China's space exploration agency unveiled a four-wheeled lunar rover on Thursday, sparking speculation about sending Chinese astronauts to the moon.

The vehicle was displayed at the 11th China Chongqing High-tech Fair that opened in the southwestern metropolis, and instantly attracted a frenzy of attention.

Being developed by the Ministry of Education's Center of Space Exploration, the vehicle can carry two people and a heavy payload. It will serve the nation's first astronauts who will set foot on the moon, according to Zhan Hanjing, deputy chief designer at the center.

Research and development for the rover was commissioned jointly by several central departments that oversee China's space program, including the State Administration of Science, Technology and Industry for National Defense and the Ministry of Education, he said, adding that the conceptual design began at the end of 2013.

"I don't know whether the task signifies that the government has decided to pursue missions to the moon," Zhan said. "But I can tell you that the task was given to us by the government, and all of its costs are covered by State funds."

He declined to disclose the project's budget or the amount of money that has been spent so far.

China has not yet created a manned lunar exploration project, Wu Weiren, chief designer for the nation's lunar probe program, said in earlier reports.

The new moon vehicle, though appearing rough and unsophisticated, boasts an outstanding ability to roam over bumpy terrain with its lightweight frame and supreme strength, Zhan said.

He said the center is also working on two other rovers, but didn't elaborate.

The first manned rover was used in the US Apollo 15 mission in 1971. Altogether, there have been three lunar vehicles driven by astronauts on the moon. All were from the United States.

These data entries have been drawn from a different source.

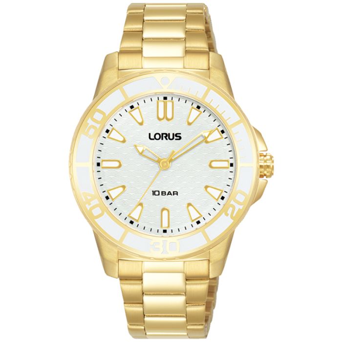 Zegarek damski Lorus SPORT RG256VX9 przyciąga uwagę mieniącym się złotym kolorem. Zarówno kopertę jak i bransoletę wykonano ze stali szlachetnej 316L, a następnie pokryto powłoką PVD aby umożliwić naniesienie koloru żółtego złota. Wodoszczelność sprzętu określono na 100m/10Bar, dzięki czemu użytkownik nie musi obawiać się zachlapań, czy nawet płytkich zanurzeń. Urządzenie działa za sprawą wyjątkowo precyzyjnego mechanizmu kwarcowego, zasilanego wytrzymałą baterią.Na biały bezel nałożono 60-minutową podziałkę typu “diver”. Białą tarczę czasomierza zdobią klasyczne białe indeksy oraz wskazówki tej samej barwy, ozdobione na krawędziach złotą barwą. Tarczę zamyka wytrzymałe i możliwe do polerowania, mineralne szkiełko.
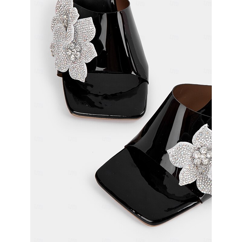 Women's Black Patent Leather Mules with Rhinestone Flower and Transparent Heels - Chic Nightlife Party Sandals
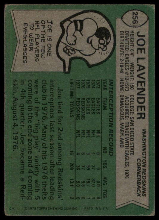 1978 Topps Joe Lavender #256 Washington Redskins Football Card NFL Sports
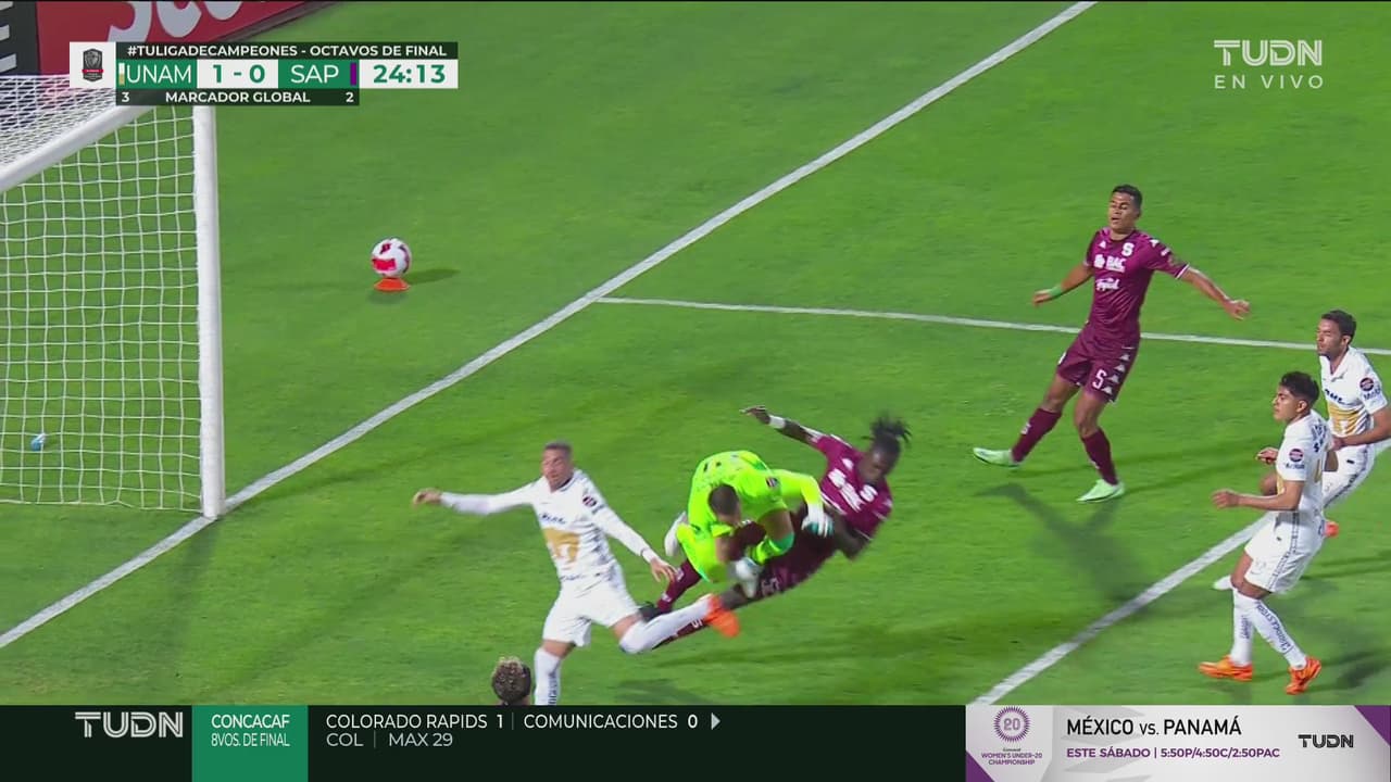 Los jugadores iban en la búsqueda de un balón por aire, pero terminaron chocando de fea forma al 24’
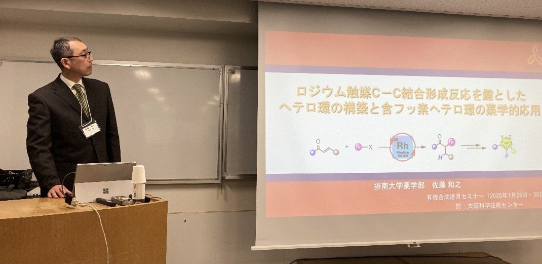 摂南大学(学長:久保康之)薬学部 医薬品化学研究室の佐藤和之准教授は、この度、公益社団法人有機合成化学協会関西支部(以下、有機合成化学協会関西支部)の、「第22回(2024年度)有機合成化学協会関西支部賞」を受賞しました。1月29日には、同支部主催のセミナーで受賞した研究題目についての講演を行いました。

"We studied the US manned rovers used in Apollo 15, 16 and 17 missions and adopted their experience in our design," Zhan said.

China's first rover to touch the moon's surface is the 140-kilogram, six-wheeled Yutu, which was part of the Chang'e-3 mission last year. It began operating on Dec 15.

The Chinese buggy has outlived its design life of three months and is in its fourth period of dormancy.

"The scientists and designers will overcome a host of technological difficulties before they produce a usable manned rover," an insider with China's lunar exploration project said, who wished to remain anonymous.

"For instance, they must design a reliable wheel. A new navigation system is also needed."